Recently one of our clients experienced catalog corruption in Greenplum DB after a power outage.
When the GPDB was restarted, a catalog corruption had manifested, and even though normal SQL submission still works, pg_dump was failing with an error like this:
$ pg_dump -t TABNAME DBNAME > /dev/null
pg_dump: schema with OID 12345678 does not exist
First, determine what needs to be fixed. Fire up psql and check:
select oid from pg_type where typnamespace = 12345678;
select oid from pg_class where relnamespace = 12345678;
select oid from pg_operator where oprnamespace = 12345678;
select oid from pg_conversion where connamespace = 12345678;
select oid from pg_opclass where opcnamespace = 12345678;
select oid from pg_aggregate where aggnamespace = 12345678;
select oid from pg_proc where procnamespace = 12345678;
If any of the above queries returned a row, we can attempt to fix the corruption by deleting the offending entries.
WARNING: THE FOLLOWING PROCEDURE SHOULD NOT BE DONE LIGHTLY. CONTACT YOUR SERVICE REP TO HELP YOU BACKUP DATABASE BEFORE PROCEEDING.
# Step 1: Shutdown GPDB
$ gpstop -M immediate
# Step 2: Restart GPDB master in *utility* mode:
$ gpstart -m
# Step 3: Connect to the master in utility mode for catalog maintenance:
$ PGOPTIONS='-c gp_session_role=utility' psql DBNAME
-- set the GUC to enable catalog updates. THIS IS NOT OBVIOUS!

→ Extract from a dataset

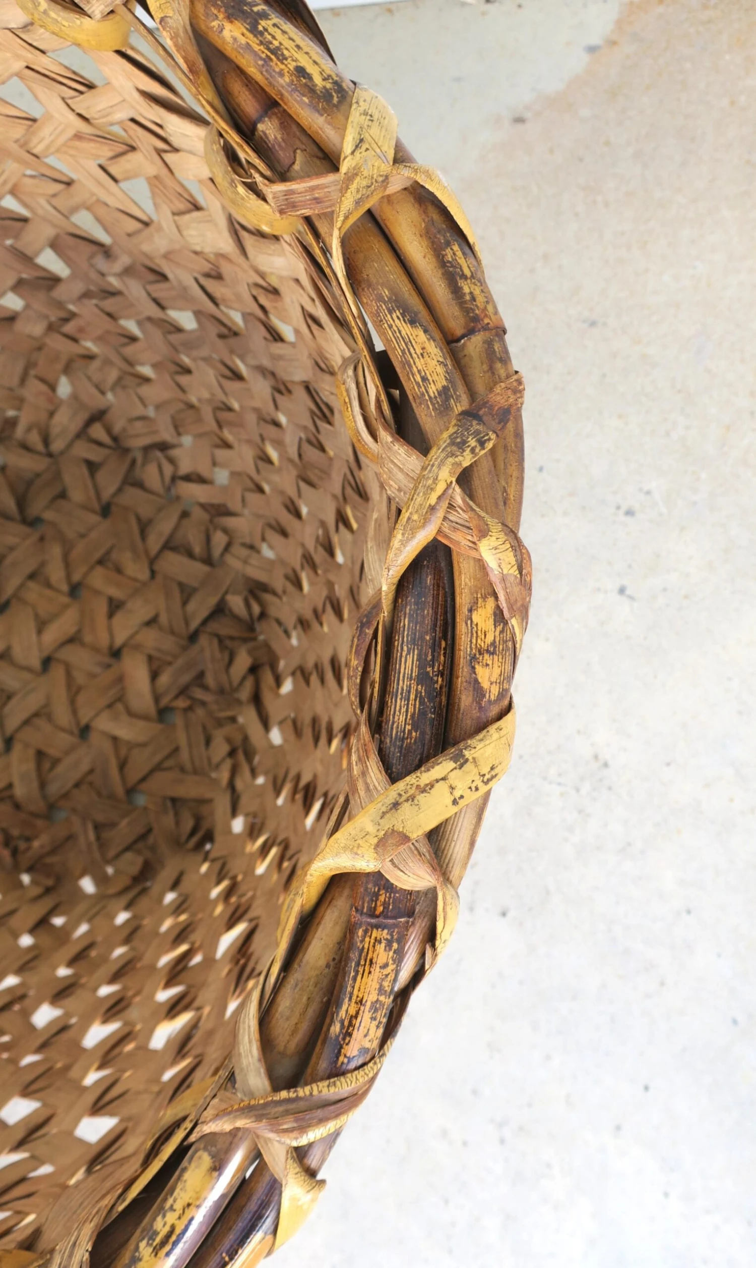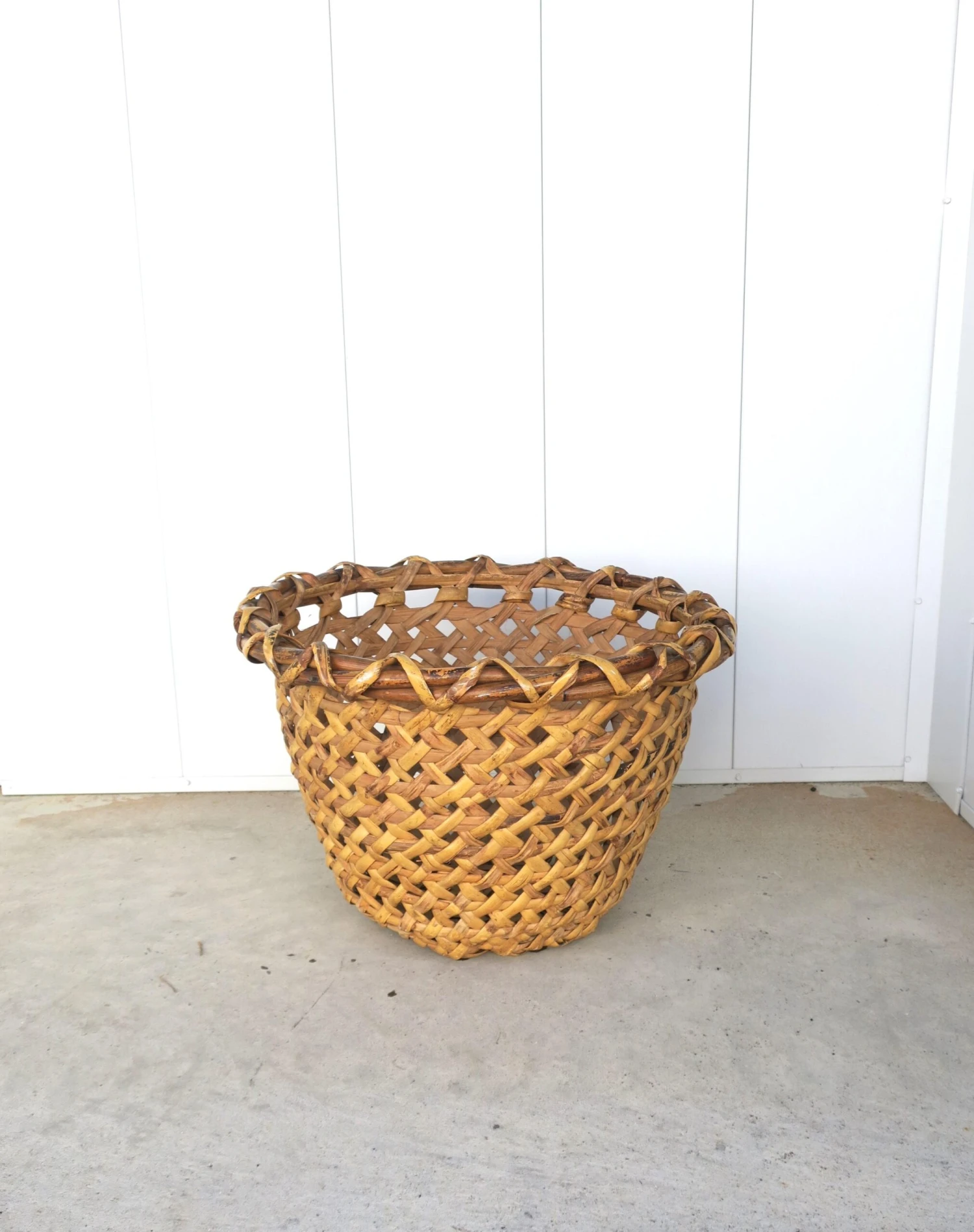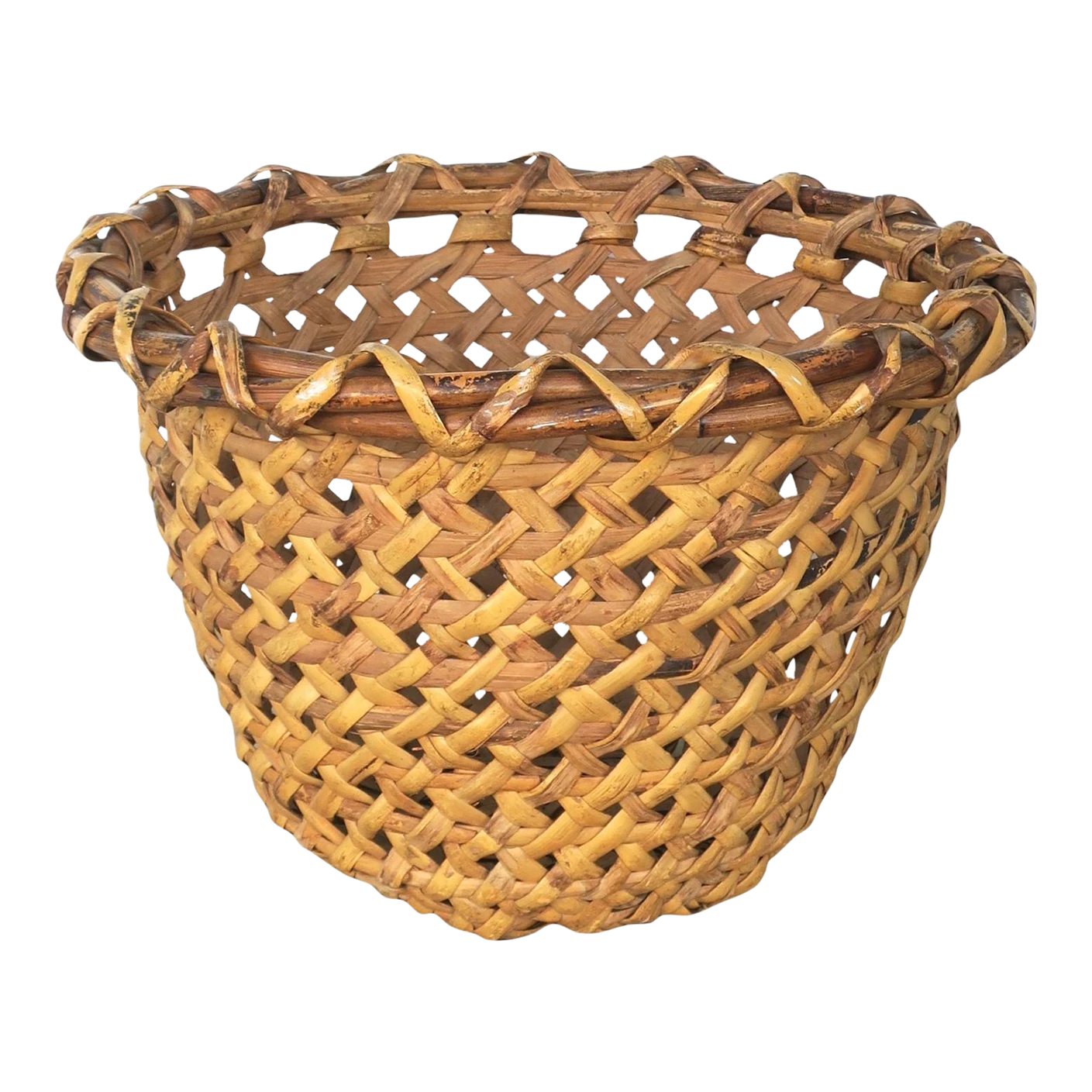 A hand-woven vintage wicker basket, circa mid-20th century, 1960s – 1970s.

set allow_system_table_mods=dml;
-- perform the updates
delete pg_type where typnamespace = 12345678;
delete pg_class where relnamespace = 12345678;
delete pg_operator where oprnamespace = 12345678;
delete pg_conversion where connamespace = 12345678;
delete pg_opclass where opcnamespace = 12345678;
delete pg_aggregate where aggnamespace = 12345678;
delete pg_proc where procnamespace = 12345678;
\quit
# Step 5: Restart GPDB:
$ gpstop -m; gpstart